How to compare strings in Python – A complete guide


In today’s post, we’ll learn 2 different ways to compare if two strings are equal in Python. We’ll also learn to do other forms of comparisons (such as whether one string is greater than another).

Last but not least, we’ll work on a practice question that compares if two strings are equal, ignoring non-letters and upper and lower case differences.

Here’s some topics we’ll cover in today’s post:

Key Concepts

How to determine if two strings are equal in Python

First, let’s talk about two different ways to determine if strings are equal in Python. The two ways are:

  • using the == operator
  • using the is operator

Using the == operator

The most straightforward method to determine if two strings are equal in Python is to use the == operator. This operator compares if two strings have the same value and returns True if they do. Else, it returns False.

Comparison is done one character at a time, using the Unicode code points of each character.
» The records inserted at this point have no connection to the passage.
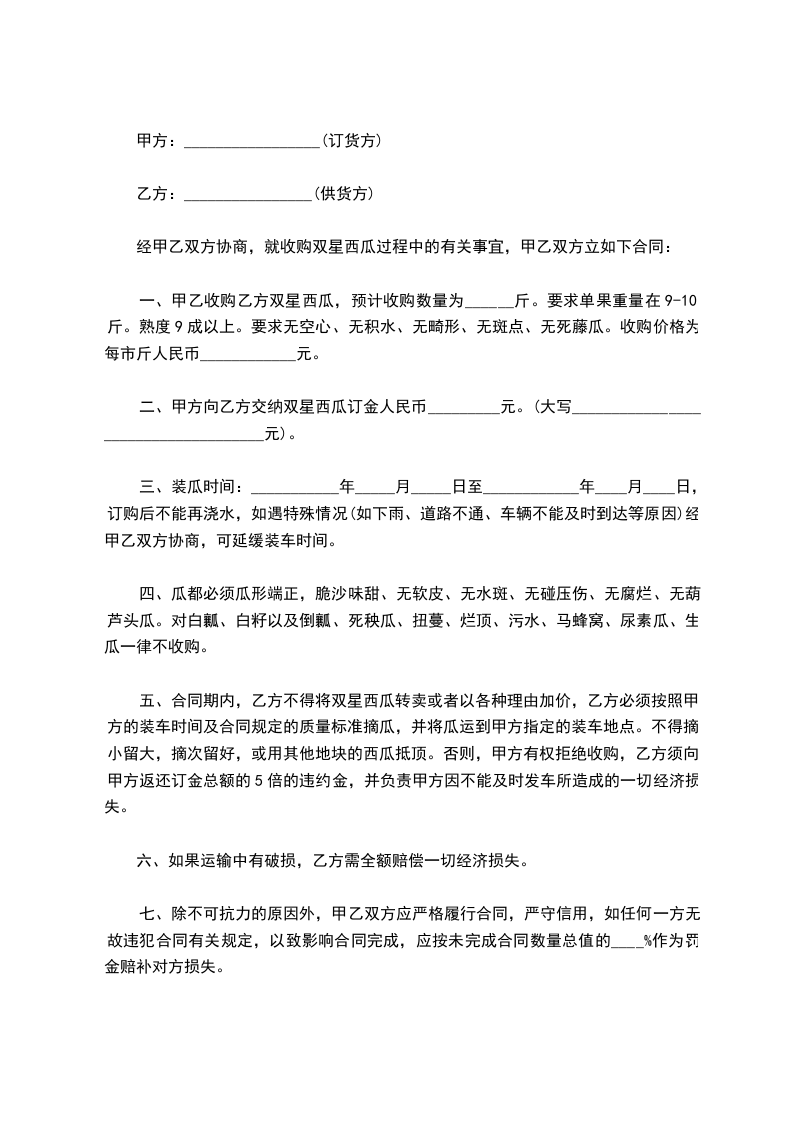 一、甲乙收购乙方双星西瓜,预计收购数量为______斤。要求单果重量在9-10斤。熟度9成以上。要求无空心、无积水、无畸形、无斑点、无死藤瓜。收购价格为每市斤人民币____________元。
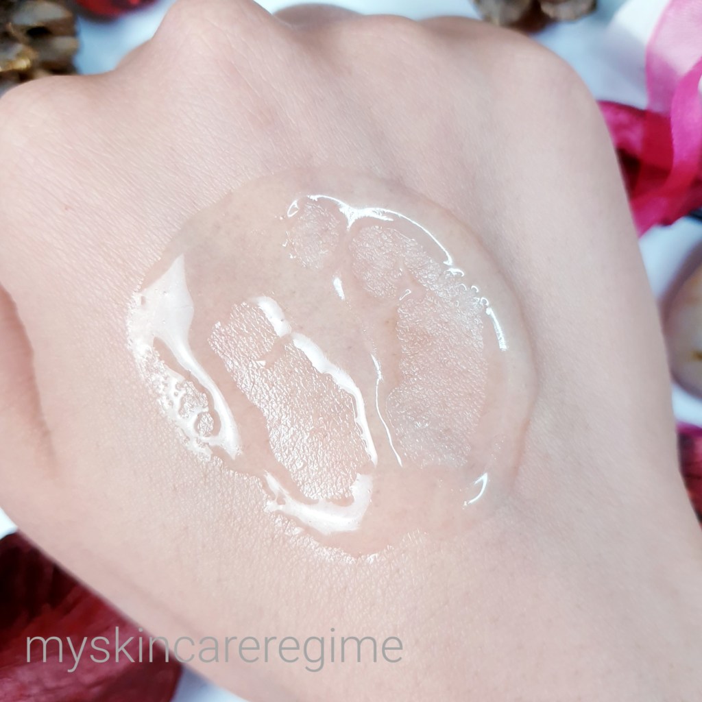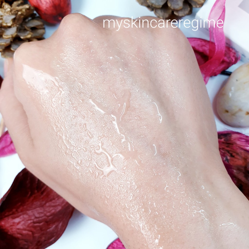 - As you can see, this is a lightweight watery->gel serum that forms droplets on the skin initially and is easy to massage into the skin. Once this dries down, it forms a thin film on the skin.
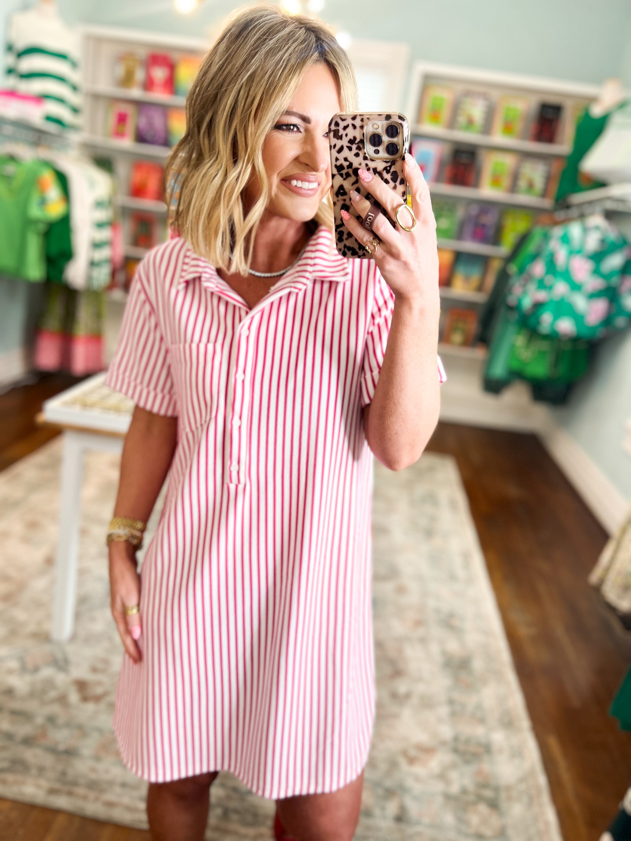Great Days Ahead Striped T-Shirt Dress - Hot Pink
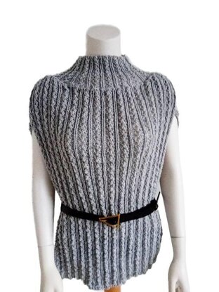 The project presents two technical challenges: transitioning from circular to flat knitting and executing cross-overlapping for the turtleneck. Accompanying this description is a comprehensive PDF document spanning four pages. It includes a chart, a series of photo tutorials, and written explanations designed to assist you in mastering the knitting process.
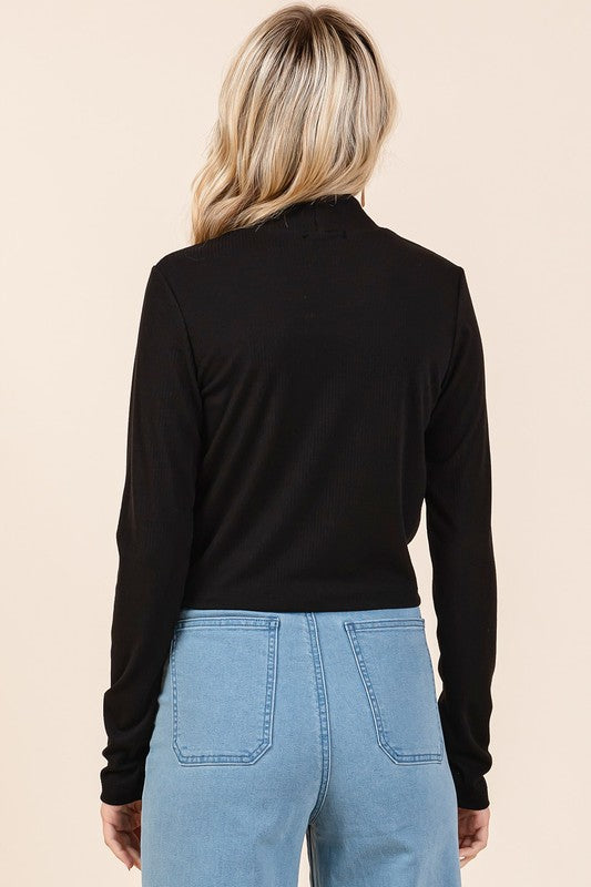 Sold outMittoshop Mock Neck Rib Knit Long Sleeve Crop Top
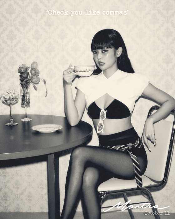 제니는 다양한 콘셉트를 자신만의 분위기로 소화하며 독보적인 아우라를 발산했다. 특히 콘셉트 포토 속에는 각각 "This that pretty girl mantra", "Check you like commas", "She's that stunna"라는 문구가 적혀 있어 궁금증을 자아내며 신곡 'Mantra'에 대한 기대감을 높였다.
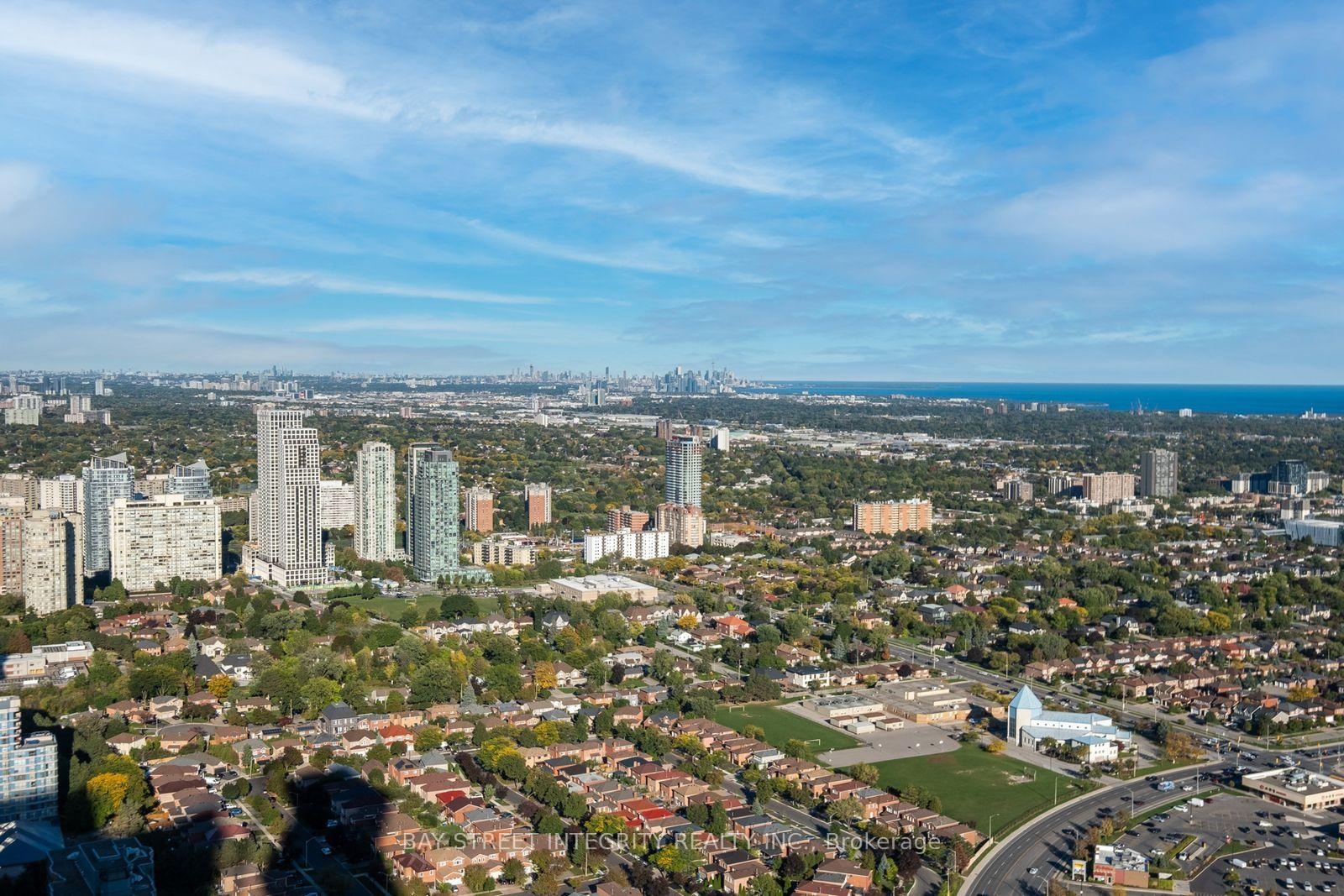 Students welcome. Video tour available. Brand new M City 2 high-floor 2-bedroom, 2-bath unit with wrap-around balcony offering unobstructed lake and city skyline views. Modern open-concept kitchen with built-in appliances and quartz countertops. Primary bedroom features ensuite bath and large closet. Includes parking. Steps to Square One, convenient location, move-in ready.
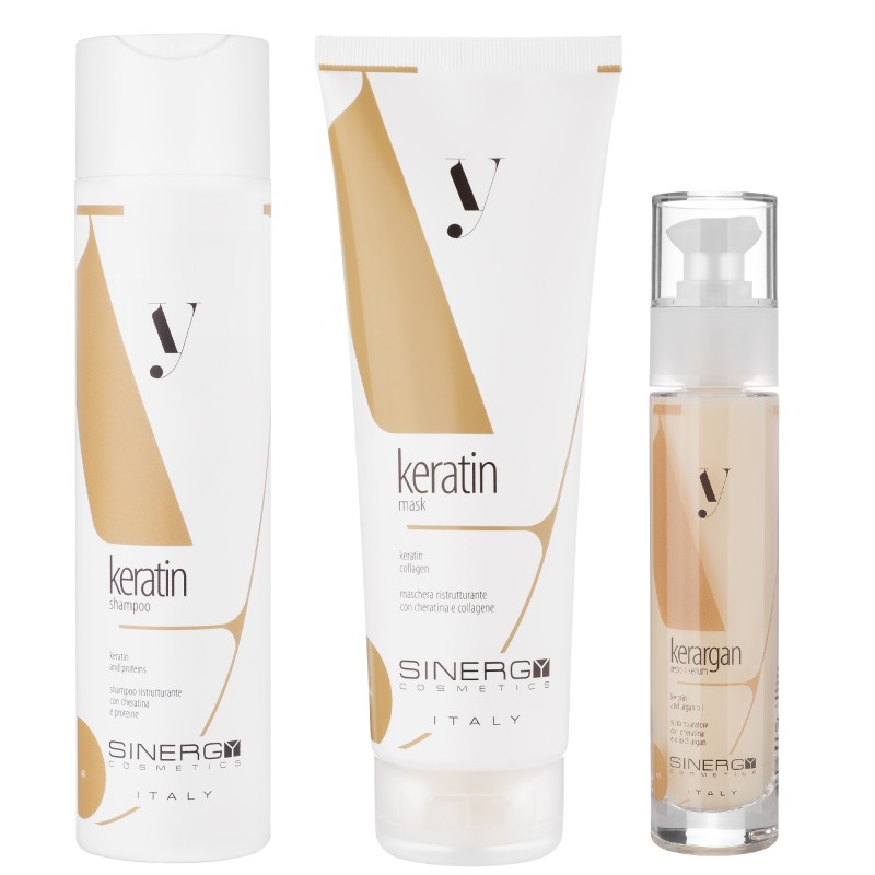 Набор Sinergy Y4 шампунь, маска и сыворотка для поврежденных волос с кератином, 250/250/50 мл

Let’s look at some examples to illustrate what this means:

mainStr = 'abcd'
str1 = 'abce'
str2 = 'abcde'
str3 = 'ABCD'
str4 = 'abcd'
str5 = ''.join(['a', 'b', 'c', 'd'])

print(mainStr == str1)
print(mainStr == str2)
print(mainStr == str3)
print(mainStr == str4)
print(mainStr == str5)

Here, we first declare and initialise a string called mainStr with the value 'abcd'.

Next, we declare and initialise five other strings to compare with mainStr.

If you run the code above, you’ll get the following output:

False
False
False
True
True

When we compare mainStr with str1 (on line 8), Python compares the first character in mainStr with the first character in str1. Since both characters are the same ('a'), it moves on to the second character.

It keeps doing that (comparing character by character) for all the characters in both strings. If it encounters a character that is different, it returns False. This happens at the fourth character. As 'e' is not equal to 'd', Python returns False.

Next, we compare mainStr with str2. As both strings have different lengths, the strings are not equal. Hence, Python returns False.

On line 10, we compare mainStr with str3 and get False as the output. This is because string comparison is done using Unicode code points.

Unicode is a universal standard for encoding characters and symbols. It does that by assigning a code point to every character and symbol in every language in the world.

'a' is assigned the code point 97, while 'A' is assigned the code point 65. Hence, 'a' is not equal to 'A'. The same applies to the rest of the characters in mainStr vs str3. As a result, we get False when we compare the two strings. This example demonstrates the fact the string comparison using the == operator is case sensitive.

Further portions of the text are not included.